- [TASK TO CARRY OUT] Exactly retype the opening line of the entries and every line after it, ending with the line that contains "A furious ravioli". Skip all pictures.

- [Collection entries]

══════

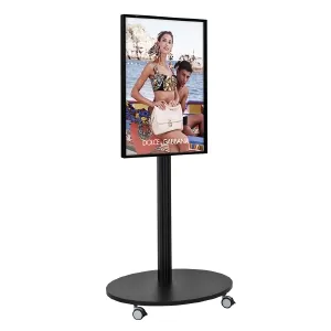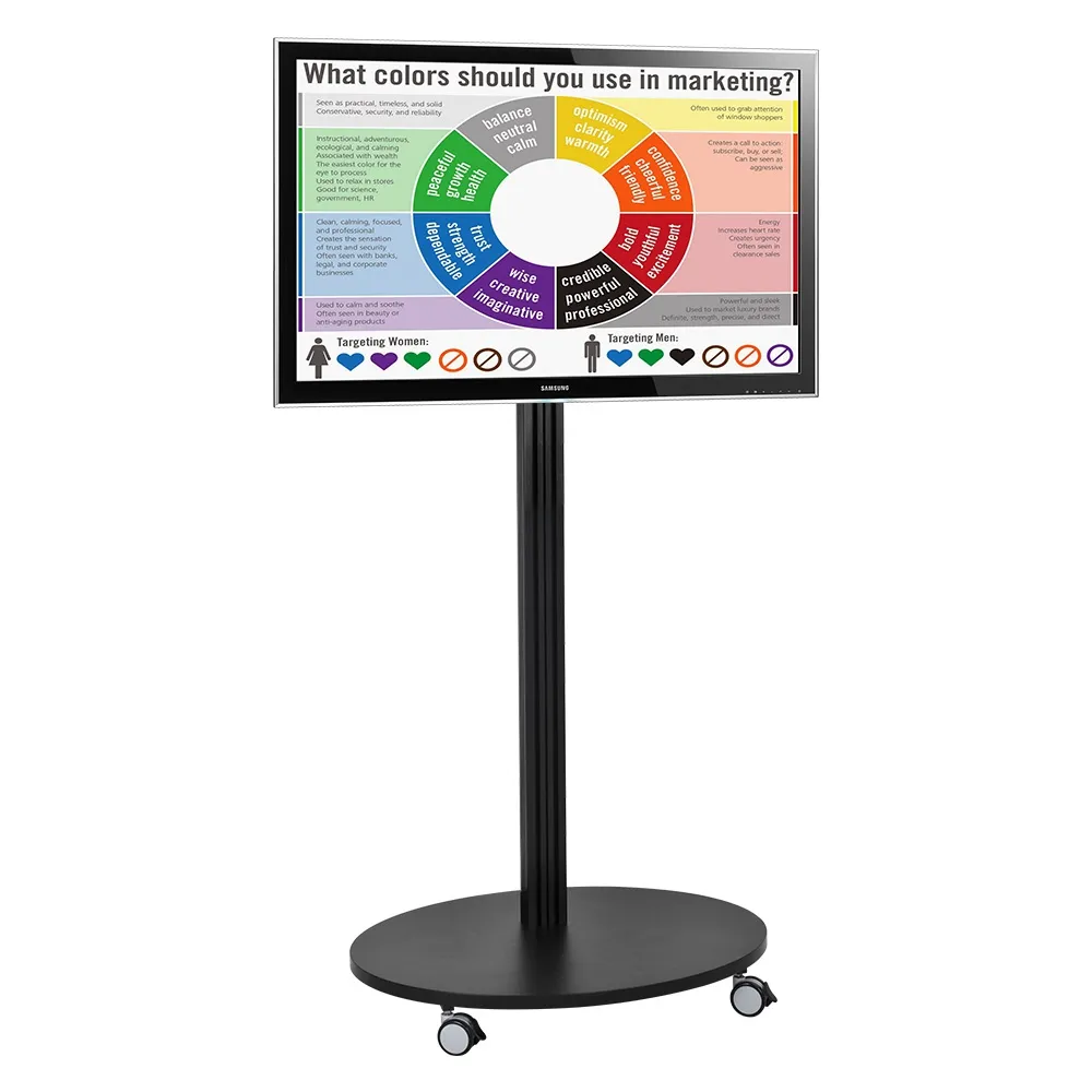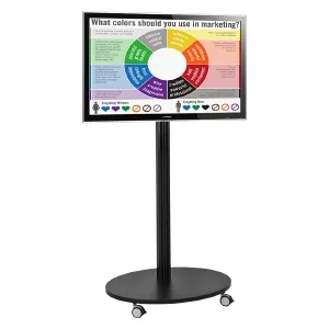 A plasma stand with wheels makes it easy to position the display where you want on a sales floor or in your booth at a trade show hall. The LCD television stands uses locking wheels that stabilise the display once in a desired position to ensure it remains in place. This flat panel display is made from aluminium to hold up well in public places without issue, and the black finish provides a sleek design that helps draw the attention of customers.
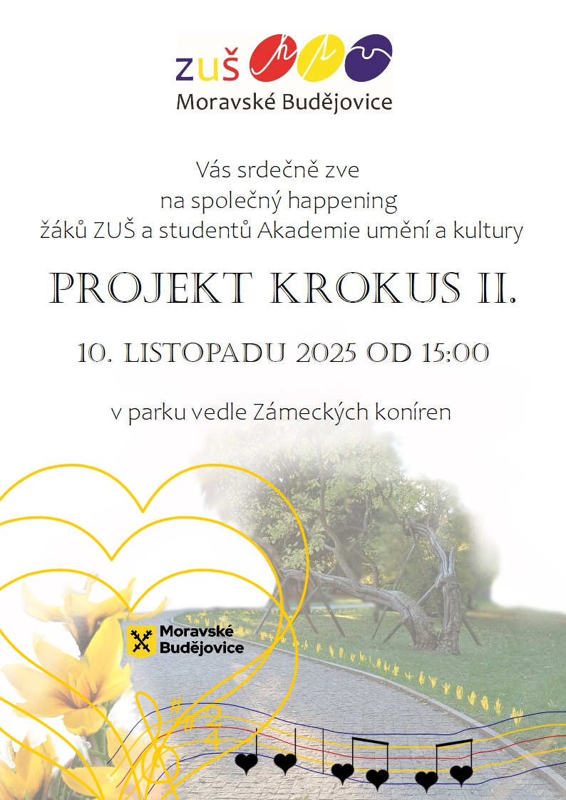 Happening a vystoupení žáků ZUŠ a studentů Akademie umění a kultury během vysazování cibulek krokusů.
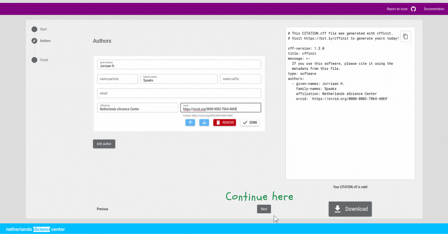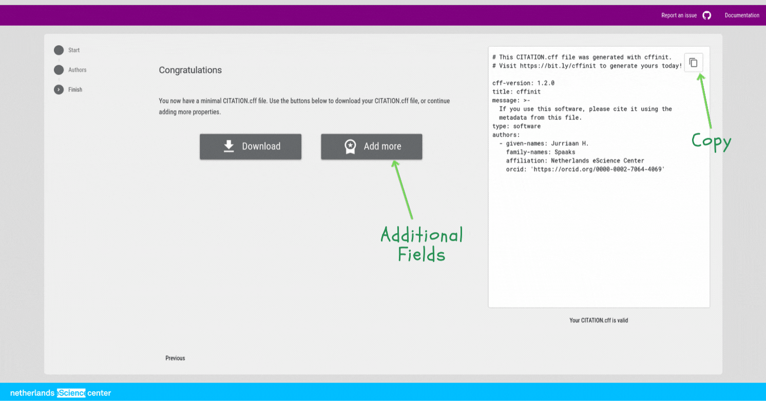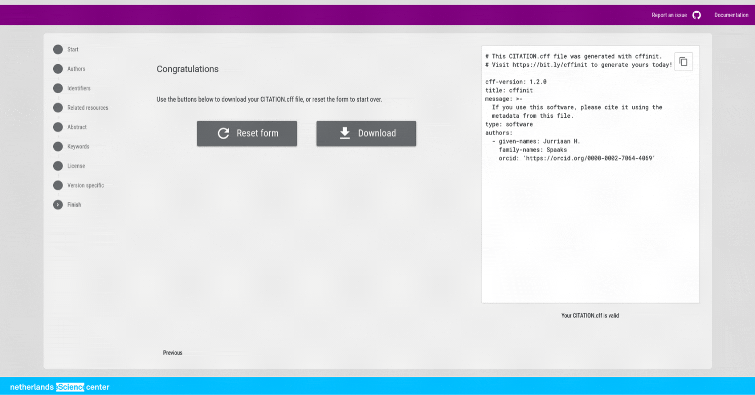 After adding all the relevant information, you will have a validated CITATION.cff file.
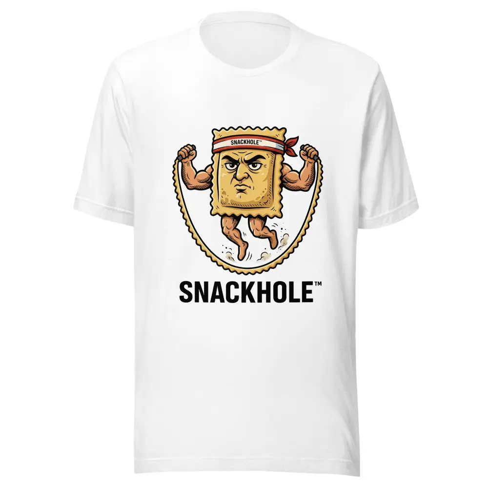 A furious ravioli with biceps skipping rope in a SNACKHOLE headband. He doesn't skip leg day. He IS leg day. This is the most aggressive pasta you've ever seen on a shirt.
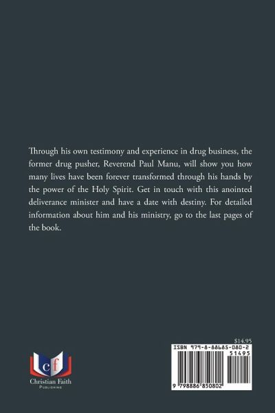 Through his own testimony and experience in drug business, the former drug pusher, Reverend Paul Manu, will show you how many lives have been forever transformed through his hands by the power of the Holy Spirit. Get in touch with this anointed deliverance minister and have a date with destiny. For detailed information about him and his ministry, go to the last pages of the book.
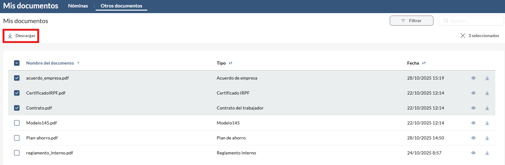 Esta funcionalidad está disponible en el espacio personal de los empleados, únicamente en el caso de que el administrador desee compartir documentos como
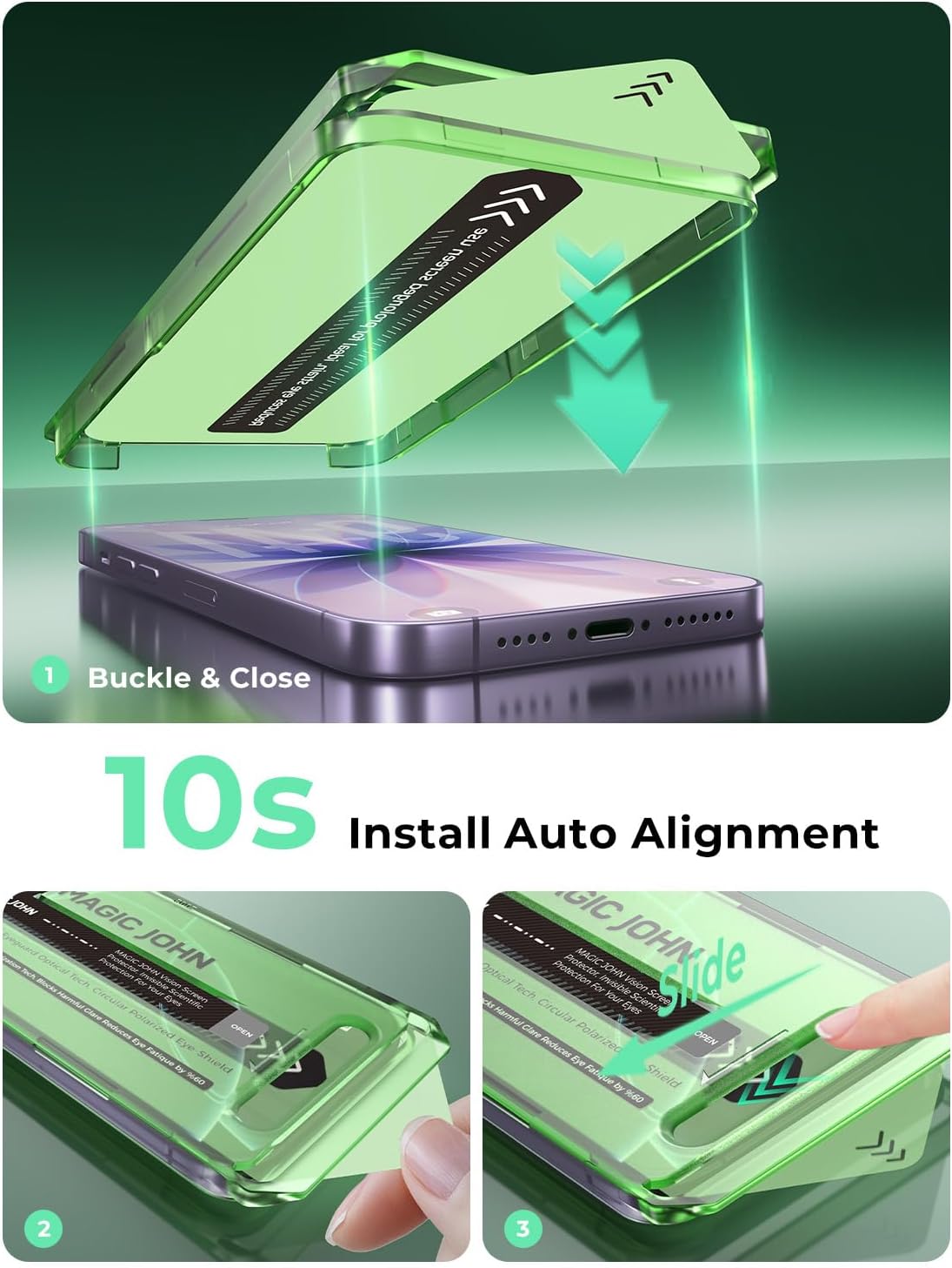 Comment on "MAGIC JOHN 2 PACK for iPhone 17(6.3") Eye Protection Screen Protector, HD Clear, Auto Dust-Elimination, 9H Tempered Glass & Scratch Resistance, Full Edge Coverage"
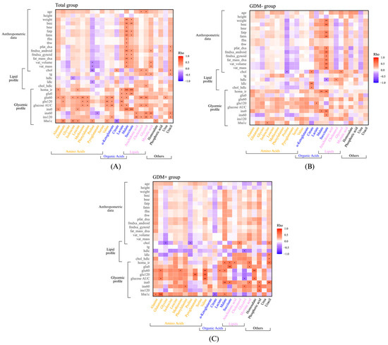 The maternal metabolic profile is associated with human milk metabolites differently in the GDM- and GDM+ groups. Heatmap of Spearman correlation between human milk metabolites and maternal data in total group (A), in GDM- group (B), and in GDM+ group (C). * p value < 0.05, ** p value < 0.005, and *** p value < 0.001. BMI: body mass index; BMR: basal metabolic rate; FATP: fat percentage; FATM: fat mass; FFM: fat free mass; TBW: total body water; Pfat_dxa: fat mass percentage; Fmdxa_android: percentage of fat mass in the android region; Fmdxa_gynoid: percentage of fat mass in the gynoid region; Fat_mass_dxa: fat mass with dexa method; Vat_volume: visceral adipose tissue volume; Vat_mass: visceral adipose tissue mass; Hdlc: high-density lipoprotein cholesterol; Hba1c: glycated hemoglobin; Glucose AUC: glucose area under the curve; Ldlc: low-density lipoproteins cholesterol; Chol/hdlc: cholesterol to Hdlc ratio.
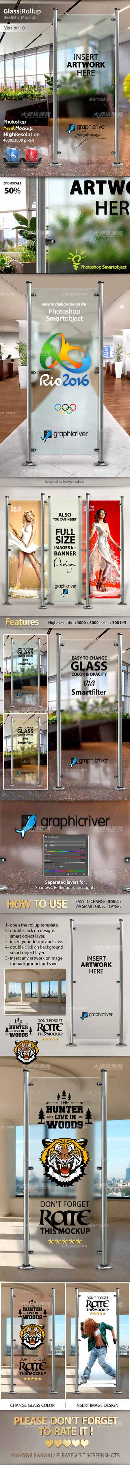 玻璃展架模型:Glass Banner Rollup Mockup

══════

- [EXERCISE OUTPUT]
 A plasma stand with wheels makes it easy to position the display where you want on a sales floor or in your booth at a trade show hall. The LCD television stands uses locking wheels that stabilise the display once in a desired position to ensure it remains in place. This flat panel display is made from aluminium to hold up well in public places without issue, and the black finish provides a sleek design that helps draw the attention of customers.
 Happening a vystoupení žáků ZUŠ a studentů Akademie umění a kultury během vysazování cibulek krokusů.
 After adding all the relevant information, you will have a validated CITATION.cff file.
 A furious ravioli with biceps skipping rope in a SNACKHOLE headband. He doesn't skip leg day. He IS leg day. This is the most aggressive pasta you've ever seen on a shirt.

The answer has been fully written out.